FIGURE 2. Screening of the differentially expressed cell death-related genes (DCDEGs) in periodontitis. (A) The volcano of differentially expressed genes (DEGs) in GSE173078. (periodontitis group vs. control group) (B) Venn diagram showing the overlap of genes between DEGs in GSE173078 and cell death-related genes.
FIGURE 3. (A) Clustered heatmap of DCDEGs. (B) The bar graph shows the mRNA expression of 21 DCDEGs in GSE173078. Wilcoxon rank-sum test was used to calculate the p-value. Significant difference between the groups, *p < .05, **p < .01, and ***p < .001.

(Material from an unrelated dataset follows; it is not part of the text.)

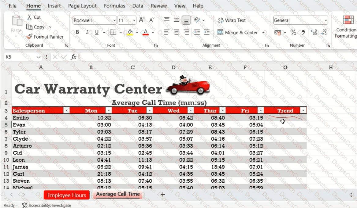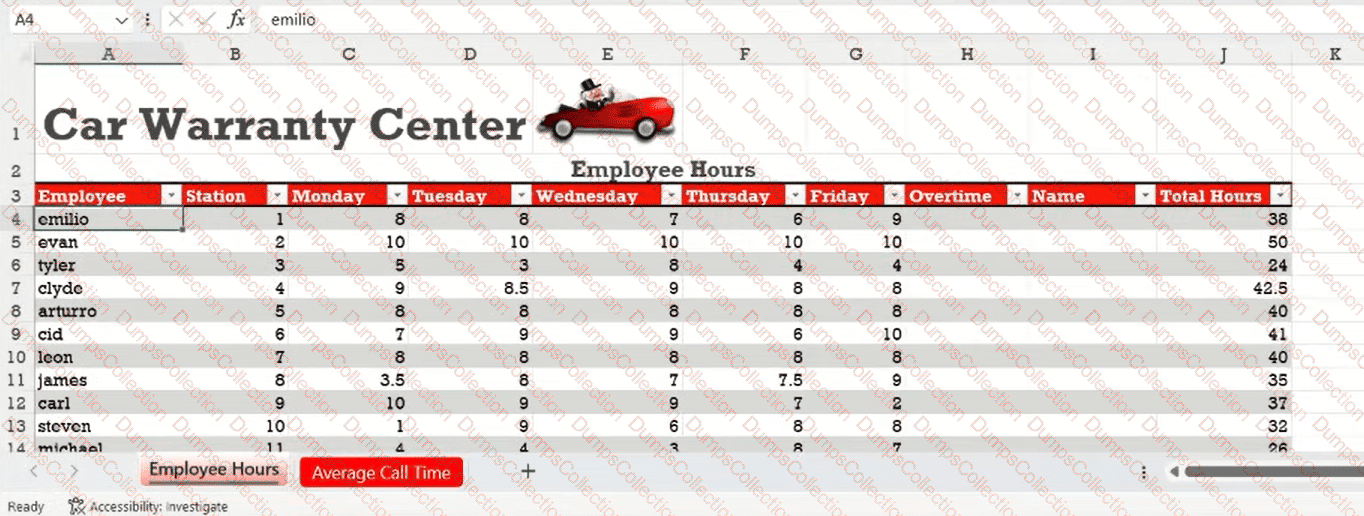 You are the supervisor for a Car Warranty Center. You use Excel to report employee hours and telephone calls.

GO and KEGG enrichment analyses were performed to identify the functional and related pathways of DCDEGs. A total of 888 significantly related biological processes and 138 KEGG signaling pathways were obtained. GO enrichment analysis revealed enrichment of biological processes in chemokine production, cellular responses to biotic stimulus, positive regulation of cytokine production, inflammatory responses, positive regulation of leukocyte-mediated immunity, regulation of immune effector processes, and regulation of apoptotic signaling pathways (Figure 4A). KEGG analysis showed that DCDEGs tend to be enriched in necroptosis, NOD-like receptor signaling pathway, lipid, atherosclerosis, C-type lectin receptor signaling pathway, etc (Figure 4B).
FIGURE 4. GO and KEGG enrichment analysis of DCDEGs in GSE173078. (A) Enriched items in GO analysis. (B) Enriched pathways in KEGG analysis. GO, Gene Ontology; BP, biological process; CC, cellular component; MF, molecular function; KEGG, Kyoto Encyclopedia of Genes and Genomes. The top 10 pathways based on p.adjust-value ranking are listed.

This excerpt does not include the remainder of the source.